Taken together, measures of reliability (i.e. CV and ICC) and meaningful changes (i.e. SWC and SEM) can serve as valuable metrics when interpreting physiological data from load carriage tasks that may be used to inform, among other things, physical employment standards, work-rest tables, and equipment evaluation. For example, in the assessment of a load carriage system, it is crucial for end-users to establish whether observed differences are meaningful or not. In the present study, the CV value of 4% for \(\dot{V}{\text{O}}_{2}\) can be utilised to inform this when assessing across a wide range of loads. Vine and colleagues (2022) investigated the metabolic responses with a Douglas bag for load carriage tasks of between 30 and 76 kg, reporting a ~ 1% increase in metabolic cost for each 1 kg increment in added load mass. From our data, it can be interpreted that for load configurations of ≤ 4 kg difference, it is unlikely to observe clear differences in metabolic cost due to the variability in the measure. An additional application involves developing physical employment standards, ensuring personnel can meet the demands of their job tasks (Reilly et al. 2019). Ecologically valid measures of load carriage task demands are crucial for reflecting them in assessments, directly influencing a soldier’s employability. To maintain fairness, it is imperative to scientifically defend the measurement of load carriage demands, preventing unjust dismissals or avoiding placing excessive burden on individuals in job categories. Further, researchers and practitioners can employ SWC values to quantify: (a) the extent of adaptation to training programmes, helping understand how individuals are physiologically adapting to the load, and (b) meaningful changes between various load carriage systems that do not reflect measurement error.
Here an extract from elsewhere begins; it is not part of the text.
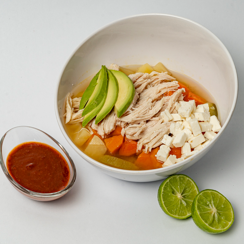 Delicioso caldo tlalpeño hecho con verduras, pechuga de pollo, queso panela, aguacate y chile chipotle.
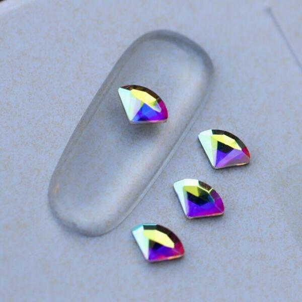 Strassz formakő körömdísz 6*4mm, gyémánt formában, színjátszó színben. Laposabb, mint az eddigi hasonló formák így kevésbé emelkedik ki a köröm felületéről. Flatback, no hotfix típusú üvegforma. Glue gél segítségével tartósan a körömre ragasztható, strasszkövekkel, szórógyöngyeinkkel kombinálva különleges dekorációkat alkothatunk.

A limitation of this study was the order effect, with the Control condition always being completed before the Patrol condition. Considering that the Patrol condition was more reliable, there is a potential familiarisation effect to the testing scenario. However, considering that only the final 3-min of each stage were included for analysis, it is expected that any familiarisation effects would be minimal as they have been reported to typically disappear after six minutes (Meyer et al. 2019). Further, slight differences in chest compression as a result of securing the vest and harness could have impacted respiratory mechanics and provided a source of variation between sessions. While this was consistently applied by the same researcher, interface pressure was not measured. Future studies should incorporate a pressure feedback unit to keep a consistent compressive load on the chest (Peoples et al. 2016). Future research is required to assess different walking speeds and loads outside of the range assessed in this study to evaluate whether these responses are consistent.
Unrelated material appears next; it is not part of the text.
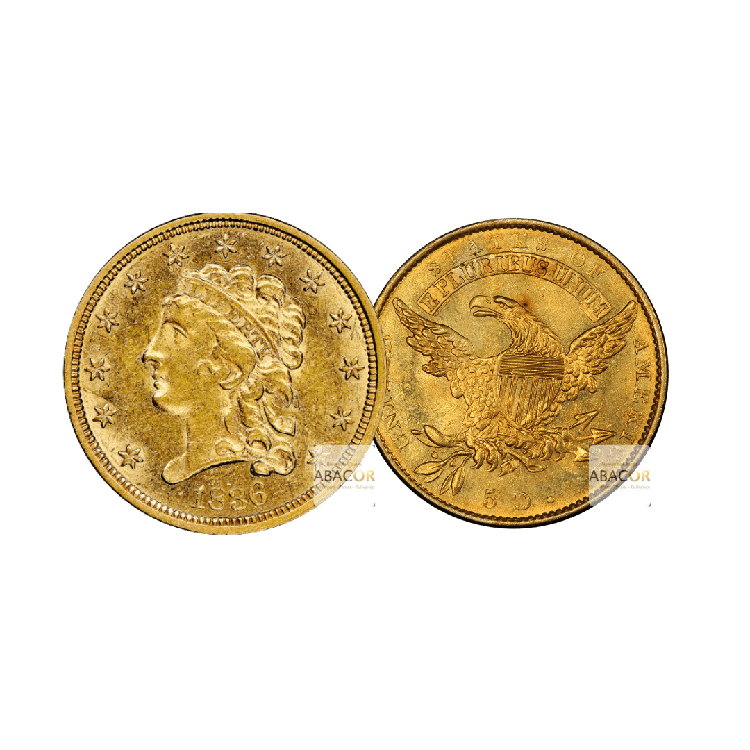 Pièces d’Or États-Unis. Les 5 dollars or Half Eagle sont les premières pièces d’or frappées par les États-Unis, produites de 1795 à 1929. Elles se distinguent par leur valeur faciale de 5 dollars et leurs designs emblématiques : le modèle Liberty Head (1839-1908), avec Lady Liberty, et le Indian Head (1908-1929), unique avec son motif en creux. Pesant 8,36 ou 8,75 grammes, elles incarnent à la fois l’histoire américaine et un attrait durable pour les collectionneurs et investisseurs.

The test–retest reliability of physiological responses during treadmill walking with external loads was demonstrated to be highly reliable (< 5% CV) for all metabolic and cardiovascular measures, as well as both FR and \(\dot{V}_{{\text{E}}}\) for the Patrol load. Moderate-to-poor reliability was demonstrated for all other respiratory measures and all perceptual measures. While it is important to note that a degree of biological and technical variation is expected between trials, both the CV and SWC are appropriate measures that can be employed to determine meaningful changes in physiological response during load carriage tasks. Together, these reliability data can support the interpretation of physiological assessments related to training adaptations, equipment evaluations, tasks, populations, or other factors to ensure that any observed differences are interpreted appropriately.